HSBC Holdings Plc and Standard Chartered Plc may spell out the risks brought on by their China property operations and a Federal Reserve pivot when they report earnings.
Slimmer margins are predicted for HSBC and Singapore lender United Overseas Bank U11 – Ltd., as was on display when peers Commonwealth Bank of Australia and State Bank of India reported earlier.
Standard Chartered is set to post a jump in adjusted pretax profit for the quarter, though it faces challenges ahead. The lender is considering restructuring its institutional banking unit to improve returns, a move that may include job cuts. That’s as it’s been forced to set aside more reserves for souring loans linked to Chinese commercial property in recent years.

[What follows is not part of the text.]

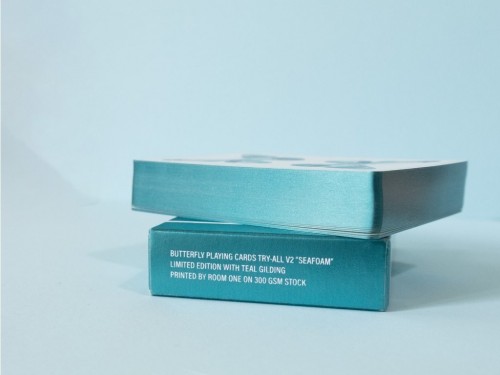 The Seafoam Variant has the matte fully-foiled box in seafoam foil with white matte spot foil for the circle and the butterflies. The cards are gilded in seafoam foil. The deck is bundled together in a 3-deck set inside a sealed acrylic case.

Loan charges might loom larger than consensus estimates for HSBC and its peers because of rising mortgage risks and residual bad debts from China’s commercial property, according to Bloomberg Intelligence analysts Francis Chan and Nicholas Ng.
Any comments on how lenders are preparing for a shift in federal interest rates will be of interest, as it may cast a shadow over the margins of major banks. UOB may see lower net interest margin sensitivity from a Fed pivot, Citi said.
Asia airlines saw a boom in air travel last year and momentum is expected to continue in 2024, helping carriers like Singapore Airlines C6L – Ltd. Australia’s Qantas Airways Ltd. will report right after an inquiry accused it of price gouging, dealing another blow to its reputation.